::: Input material :::

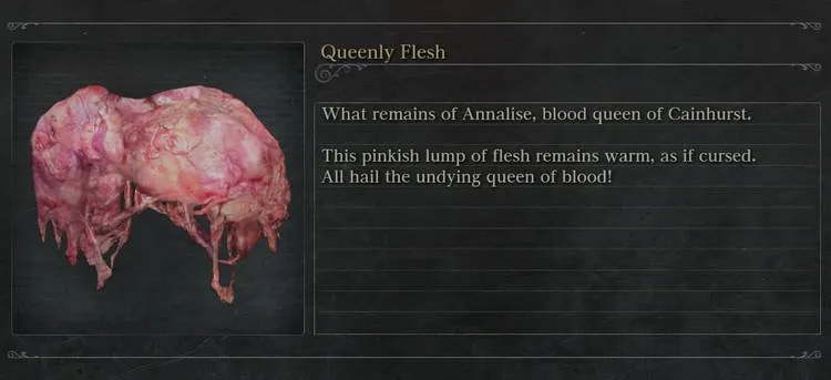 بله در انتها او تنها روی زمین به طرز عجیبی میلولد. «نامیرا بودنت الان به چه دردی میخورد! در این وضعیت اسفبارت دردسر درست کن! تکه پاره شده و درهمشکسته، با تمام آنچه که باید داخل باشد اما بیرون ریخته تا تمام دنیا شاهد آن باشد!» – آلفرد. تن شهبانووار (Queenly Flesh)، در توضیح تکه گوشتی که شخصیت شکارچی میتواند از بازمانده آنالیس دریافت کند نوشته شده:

:::
::: Input material :::

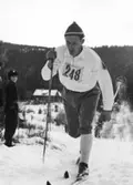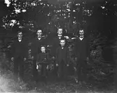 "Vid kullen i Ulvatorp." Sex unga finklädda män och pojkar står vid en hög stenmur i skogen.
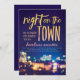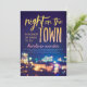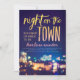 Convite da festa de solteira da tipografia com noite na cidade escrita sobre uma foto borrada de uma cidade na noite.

:::

_What is being asked_.
Write out the lines above from the one with "stenmur i skogen." through the one with "Convite da festa", ends included, exactly; no picture goes in.

_Reply_.
 "Vid kullen i Ulvatorp." Sex unga finklädda män och pojkar står vid en hög stenmur i skogen.
 Convite da festa de solteira da tipografia com noite na cidade escrita sobre uma foto borrada de uma cidade na noite.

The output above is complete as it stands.